EXERCISE GOAL: Report every line below that has the string "hace" in it.

DATASET:
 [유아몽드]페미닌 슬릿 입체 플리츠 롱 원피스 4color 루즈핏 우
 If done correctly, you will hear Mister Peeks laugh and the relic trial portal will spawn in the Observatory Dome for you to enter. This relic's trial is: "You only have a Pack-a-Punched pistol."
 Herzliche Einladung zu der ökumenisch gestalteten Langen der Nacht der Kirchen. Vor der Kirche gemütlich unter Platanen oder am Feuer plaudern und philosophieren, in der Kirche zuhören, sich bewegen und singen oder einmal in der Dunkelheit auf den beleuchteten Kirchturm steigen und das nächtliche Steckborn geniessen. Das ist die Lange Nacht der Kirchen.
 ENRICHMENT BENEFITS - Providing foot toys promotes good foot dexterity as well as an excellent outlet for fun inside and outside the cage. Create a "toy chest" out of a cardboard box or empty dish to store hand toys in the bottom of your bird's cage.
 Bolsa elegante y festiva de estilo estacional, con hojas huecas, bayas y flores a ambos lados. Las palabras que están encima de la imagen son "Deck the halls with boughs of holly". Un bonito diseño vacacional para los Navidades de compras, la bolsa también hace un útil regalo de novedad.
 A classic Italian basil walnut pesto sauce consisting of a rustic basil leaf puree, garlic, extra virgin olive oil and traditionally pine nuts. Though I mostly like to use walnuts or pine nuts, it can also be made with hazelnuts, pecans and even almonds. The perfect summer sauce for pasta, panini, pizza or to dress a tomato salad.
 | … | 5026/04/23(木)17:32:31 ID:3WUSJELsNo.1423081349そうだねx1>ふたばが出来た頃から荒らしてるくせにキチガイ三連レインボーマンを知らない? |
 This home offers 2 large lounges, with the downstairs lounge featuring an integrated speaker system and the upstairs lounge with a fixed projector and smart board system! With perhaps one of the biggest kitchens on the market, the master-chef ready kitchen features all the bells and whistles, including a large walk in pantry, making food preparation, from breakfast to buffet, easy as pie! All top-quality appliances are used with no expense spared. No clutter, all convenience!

* * *

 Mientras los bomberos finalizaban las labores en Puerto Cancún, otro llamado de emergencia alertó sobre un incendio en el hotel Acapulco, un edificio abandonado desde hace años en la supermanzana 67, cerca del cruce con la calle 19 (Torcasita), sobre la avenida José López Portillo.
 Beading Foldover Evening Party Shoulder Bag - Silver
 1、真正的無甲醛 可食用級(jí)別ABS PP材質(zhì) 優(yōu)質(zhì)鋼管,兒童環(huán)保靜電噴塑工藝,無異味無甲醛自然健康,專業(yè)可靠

==

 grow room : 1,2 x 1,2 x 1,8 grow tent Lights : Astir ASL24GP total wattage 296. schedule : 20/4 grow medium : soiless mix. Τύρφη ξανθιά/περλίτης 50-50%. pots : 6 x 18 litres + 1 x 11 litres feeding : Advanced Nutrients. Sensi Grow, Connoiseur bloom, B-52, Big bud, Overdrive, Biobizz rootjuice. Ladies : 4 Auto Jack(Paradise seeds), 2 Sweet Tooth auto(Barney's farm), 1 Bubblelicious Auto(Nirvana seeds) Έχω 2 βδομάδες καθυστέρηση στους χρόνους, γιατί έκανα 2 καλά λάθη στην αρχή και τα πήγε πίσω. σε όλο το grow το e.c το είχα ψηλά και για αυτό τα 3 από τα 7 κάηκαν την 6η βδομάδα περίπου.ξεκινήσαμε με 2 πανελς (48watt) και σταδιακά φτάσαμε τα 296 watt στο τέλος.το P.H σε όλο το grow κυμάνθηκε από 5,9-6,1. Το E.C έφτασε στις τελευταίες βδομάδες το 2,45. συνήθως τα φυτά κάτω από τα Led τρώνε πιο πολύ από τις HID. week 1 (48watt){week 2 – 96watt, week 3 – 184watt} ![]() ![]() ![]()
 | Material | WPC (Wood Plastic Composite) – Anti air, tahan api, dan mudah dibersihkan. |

YOUR SOLUTION:
 Bolsa elegante y festiva de estilo estacional, con hojas huecas, bayas y flores a ambos lados. Las palabras que están encima de la imagen son "Deck the halls with boughs of holly". Un bonito diseño vacacional para los Navidades de compras, la bolsa también hace un útil regalo de novedad.
 Mientras los bomberos finalizaban las labores en Puerto Cancún, otro llamado de emergencia alertó sobre un incendio en el hotel Acapulco, un edificio abandonado desde hace años en la supermanzana 67, cerca del cruce con la calle 19 (Torcasita), sobre la avenida José López Portillo.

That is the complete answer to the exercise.